Stimulation Index (SI) Distribution

[00157] Epidemiological information based on the Sis from various populations demonstrate that infections that have a long asymptomatic period are characterized by an SI distribution as shown in Figure 4, while infections that have a short asymptomatic period are characterized by an SI distribution as shown in Figure 7. Populations with a high incidence of recent infections are characterized by an SI distribution skewed toward a larger proportion of high SI values (Figures 5), while populations characterized by old, or late stage infections are characterized by a larger proportion of low SI values (Figure 6).

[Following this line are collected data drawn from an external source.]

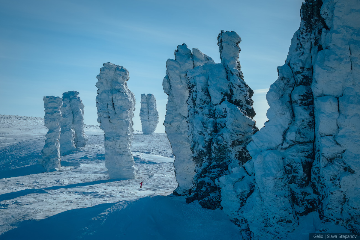 Республика Коми, Северный Урал, вокруг тайга на сотни километров. Именно здесь находится одно из семи чудес России – плато Маньпупунер. 200 миллионов лет назад это были горные вершины, но ветер, дождь и перепады температуры превратили их в 7 столбов высотой до 42 метров — сопоставимо с уровнем 14-этажного дома. Зимой каменные останцы покрываются слоем снега и льда, блестят на солнце и выглядят ещё более необычно, чем летом. Добраться до плато можно на вертолёте, снегоходе или на лыжах. 1. Маньпупунёр — одно из самых труднодоступных мест Урала, расположенное на территории Печоро-Илычский заповедник. Зимой сюда добираются в основном на вертолёте или на лыжах. 2. На плато возвышаются семь каменных останцев высотой до 42 метров. В мороз они покрываются инеем и выглядят как гигантские ледяные статуи. 3. На языке манси название плато означает «Малая гора идолов». Для коренного народа это место веками считалось священным. 4. Зимой световой день здесь короткий. Низкое солнце создаёт длинные те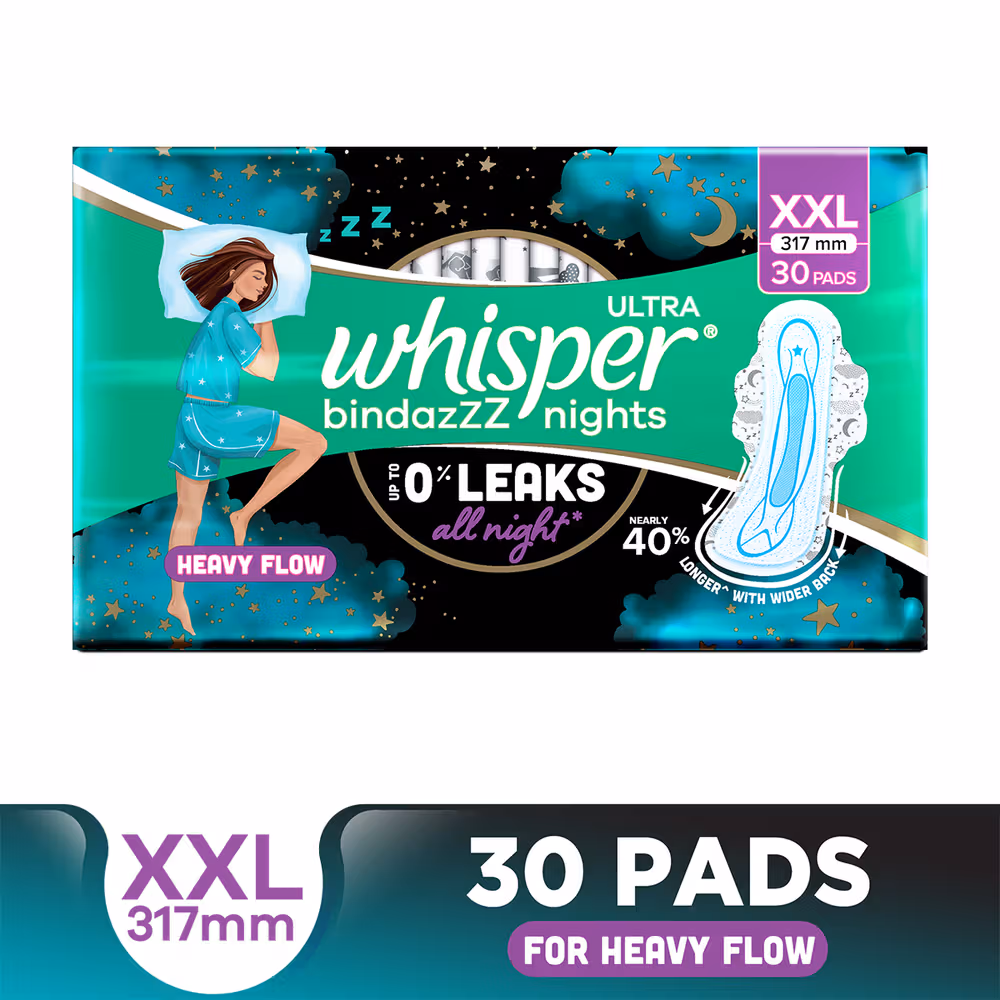 Up to 0% leaks all night long, nearly 40% longer with wider back, active odour lock technology, dri-weave cover absorbs in seconds
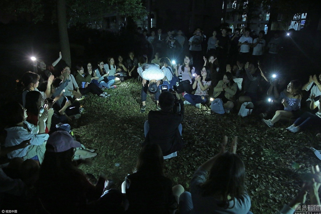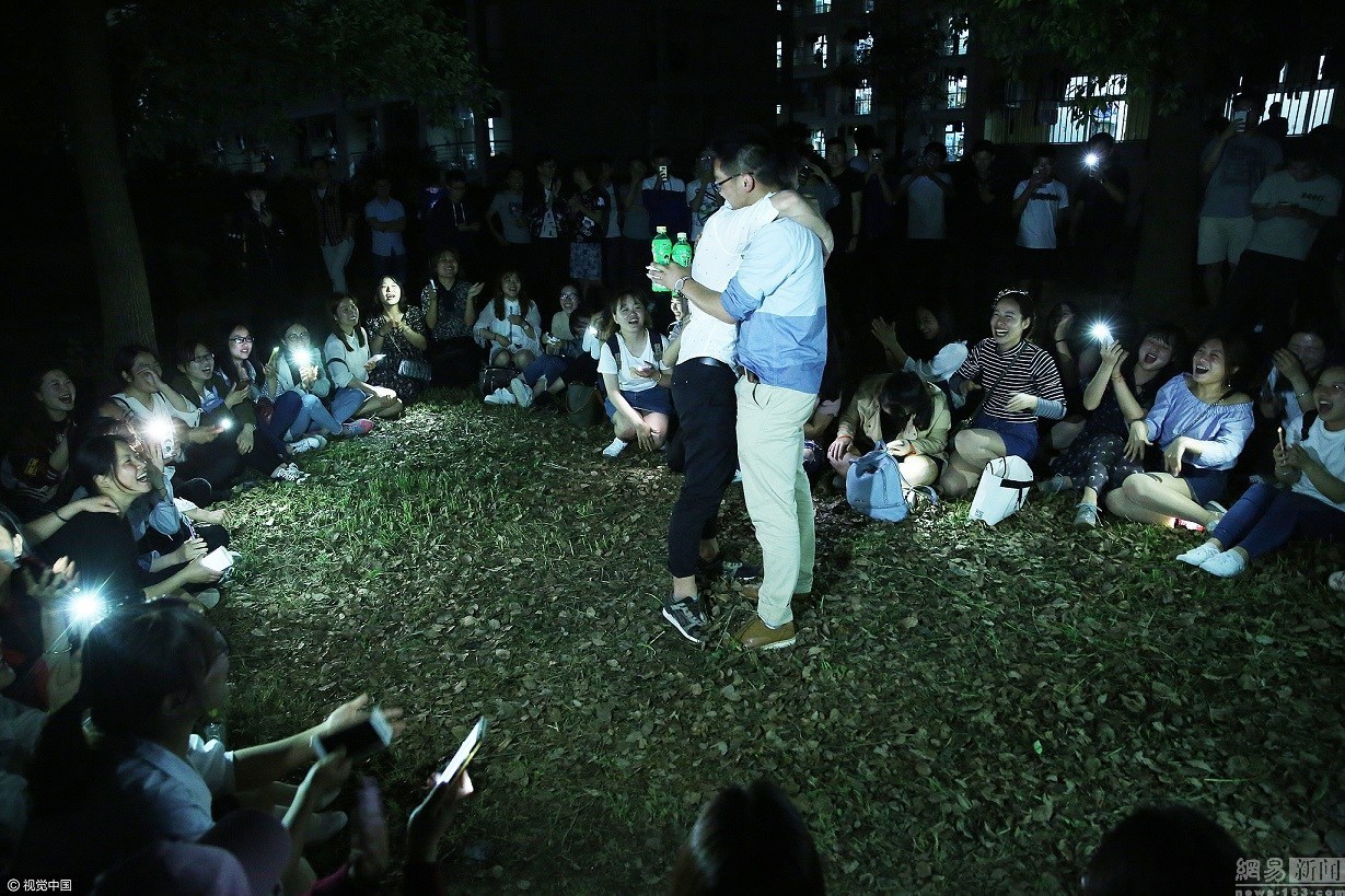 2017年5月6日,安徽37000cm威尼斯,临近毕业,学前教育专业2013级152名女生摆成心形,打开手机照明功能,坐在男生宿舍楼下,集体向同专业的8名男生进行毕业告白,感谢男生们四年中为她们所做的工作和服务。图为一名男生在呼喊声中下楼,走到女生身边。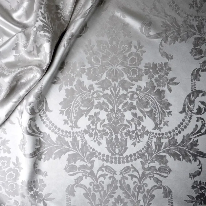 Die garngefärbt gewebte Bettwäsche Portofino Ash besteht aus reiner Seide. Der edel glänzende Jacquard-Satin mit einem fürstlichen Jacquardmuster aus feiner Maulbeerseide ist luxuriös und elegant. Das hochwertige Gewebe aus 100% Seide fällt fließend und hat einen edlen Glanz. Bettwäsche aus reiner Seide ist hautsympathisch und temperaturausgleichend und damit sowohl im Sommer als auch im Winter angenehm. Diese Seidenbettwäsche hat ein Flächengewicht von ca. 110g/m².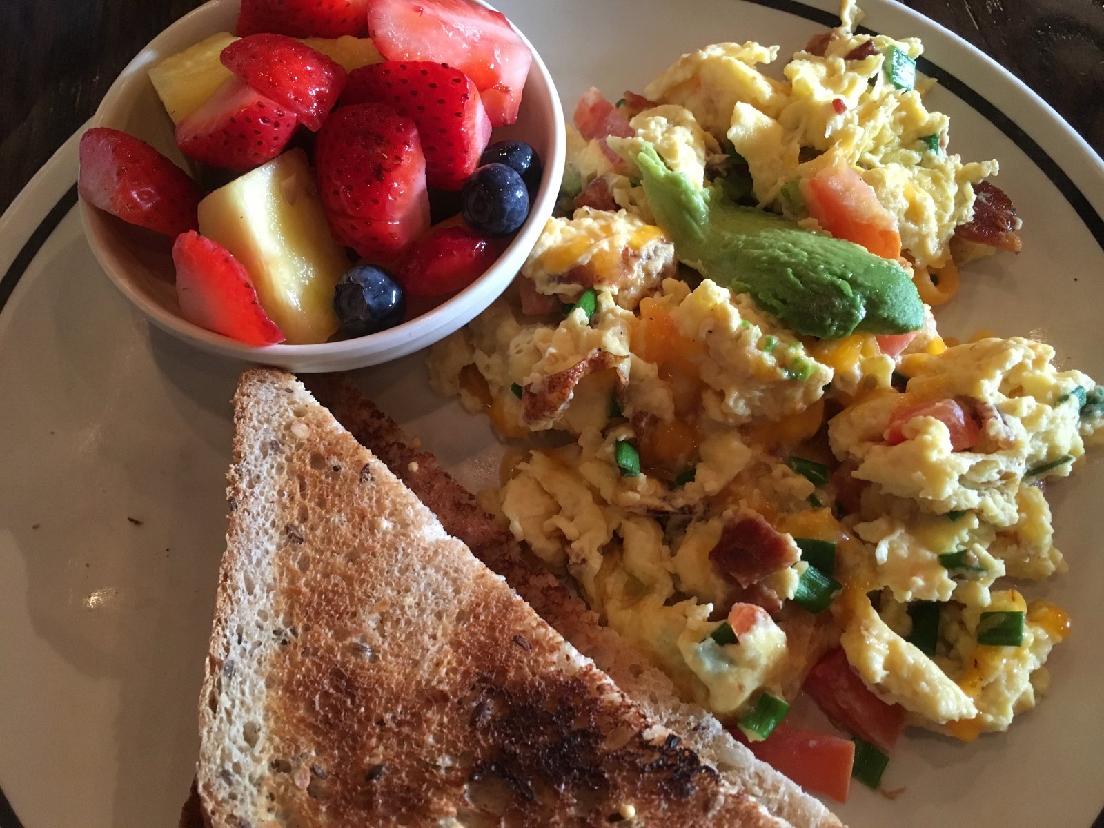 Anaheim Scramble($7.99) with a side of fruit and Harvest toast (nutty and seedy) is simply eggs scrambled with tomatoes, green onion, cheddar and avocado. Really good.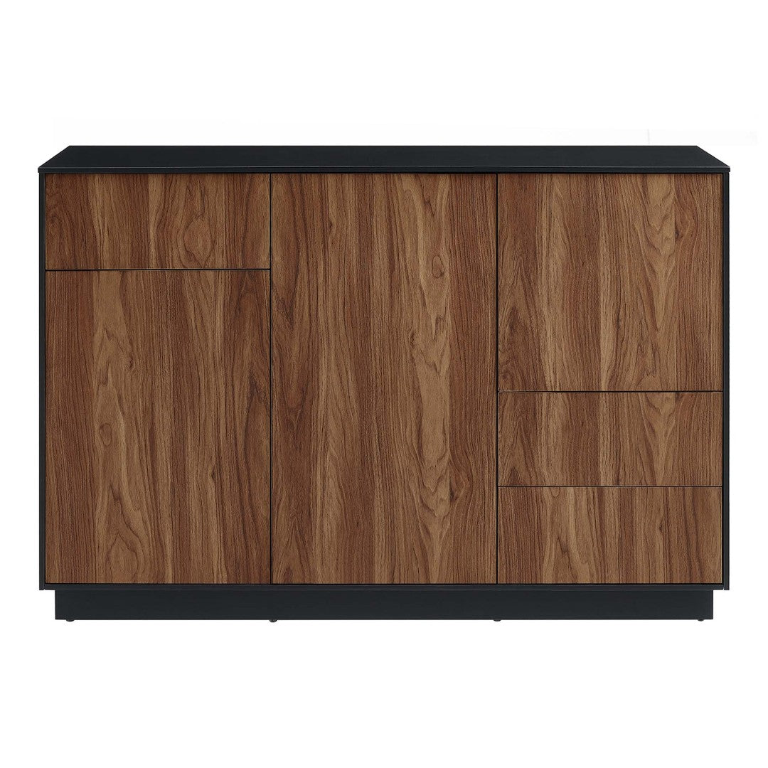 Bring modern rustic style and practical storage together with this versatile sideboard. Its wood-grain laminate finish and clean silhouette suit contemporary, industrial, or farmhouse interiors while providing adaptable function as a buffet, sideboard, or TV stand. Thoughtful features like push-to-open doors, full-glide drawers, and concealed shelving make organizing media, dinnerware, or everyday items effortless.
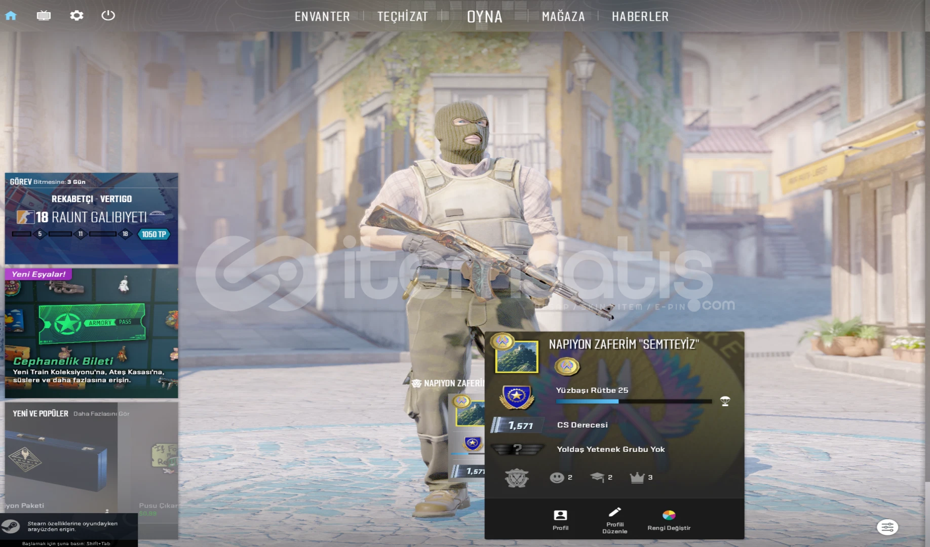 CS ENVANTERİNDE 50 DOLARLIK SKİN VAR SEÇKİN AÇIK 300 SAAT CS OYNANMIŞ GÜNCEL RÜTBESİ TEĞMEN AYRICA COUNTER STRİKE NEXON SÜRÜMÜ OYUNU VARDIR.

[00158] Real-world data supports the models shown in Figures 5-6, demonstrating that populations that were known to have a large number of late stage infections have a distribution of SI values as shown in the model of Figure 6 (Figures 8-9), while the distribution of SI values in Chinese and Hungarian populations with a very high incidence rate reflects the model shown in Figure 5 (Figures 10-11).

[00159] While certain features of the invention have been illustrated and described herein, many modifications, substitutions, changes, and equivalents will now occur to those of ordinary skill in the art. It is, therefore, to be understood that the appended claims are intended to cover all such modifications and changes as fall within the true spirit of the invention.